I grew up in '50s suburbia, but my family was a little peculiar. Along with the expected station wagon, my father drove an Austin-Healey sports car, and then he bought a big old farm truck, the first of several. He could, and did, build and fix just about everything you can imagine. My mother taught me skills that soon became archaic: how to sew my own clothing, how to put up fruit for the winter. At the bottom of the street lived a girl I played with, whose mother, Patricia Beatty, wrote novels for children and young adults. By age 10 or 11, at around the time I discovered C.S. Lewis's Chronicles of Narnia, I became determined to be a fantasy novelist.

That determination explains everything about my life, which must look random and incoherent unless this crucial fact is included. All the women writers I know make up their lives as they go along, because the pre-existing scripts just don't work. We fly by the seat of our pants, and when our pants wear out we continue bumping along on our bare butts, until we get too sick or crazy to keep it up any more.

University

I wrote my first novel at age 12, hauling it around with me in a 3-ring notebook all summer, by the end of which it was finished.

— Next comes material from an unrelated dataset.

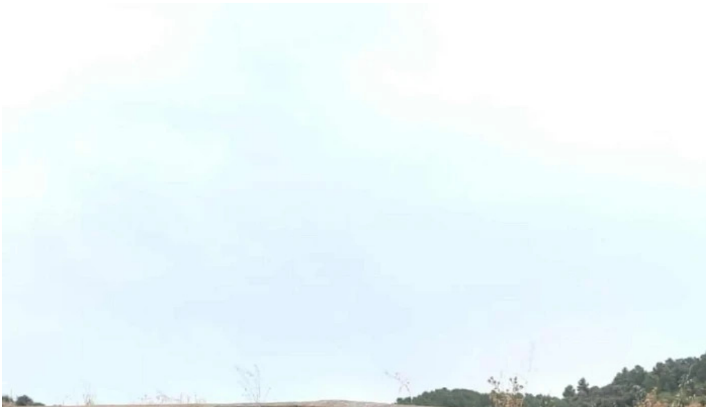
Iglesia de san nicolas de bari las parras de castellote comentario 1

I took typing in seventh grade so I could type my work. I took every writing class I could, and in college I majored in literature writing. However, I also loved art and did a lot of drawing and painting.

My college career was complicated. I enrolled in a small Christian college and almost immediately lost my faith, but I stuck it out for two years, which included a semester in England. I then transferred to Brown University – not because I wanted an Ivy League education but because I was in love with a Harvard man and Harvard didn't want me. Of course the relationship ended shortly before I matriculated. In two years I had lived in three countries and never stayed anywhere longer than three months: I moved from California to Tijuana, Mexico, back to California, to England, back to California, to Massachusetts, to Seattle, Washington, to Providence, RI, back to Seattle, and back to Providence. I traveled mostly by Greyhound bus, bringing with me a box of books, a trunk of clothes, a Smith-Corona typewriter, and a green ten-speed bicycle. I discovered Marxism and feminism, and had a crush on the woman who lived across the hall, though at the time I just thought we were good friends.

Love and publication

I did not know I was a lesbian until age 29, when two female characters in a novel blocked the plot, insisting that they had to make love with each other. I went ahead and wrote the scene, figuring I could just delete it later, but instead I realized that I had been keeping a huge secret from myself. Soon after that I met the love of my life, Deb Mensinger, and sold my first novel. It was a year of such huge changes that Deb and I dubbed it “The Year of Living Dangerously.” I worked for a domestic violence intervention program; Deb worked for a rape crisis program; we took care of the orange grove together; we grew a lot of our own food; I wrote another novel (rejected) and another (published).

Massachusetts

We bought land in California together and moved everything to the property, including two goats, a dog, a half-dozen cats, a lot of plants, and the house we lived in. We were going to be organic farmers, and for a while we had the most amazing vegetable garden, where we grew many old varieties of potato, corn, and tomato. We both had jobs, and I continued to publish novels, but we couldn't make it work financially. Eventually we quit our jobs and took a meandering six-week camping tour of the northern U.S., finally winding up in Massachusetts, where I earned my Master's degree and started teaching. Then, Deb studied preservation carpentry and launched a business, but shortly after that she was disabled by a rare congenital disease.

I have been teaching writing at the University of Massachusetts, Boston for 10 years now. Before this I never held the same job for more than three years and never lived in the same place for more than five years. I guess I found a place I could belong.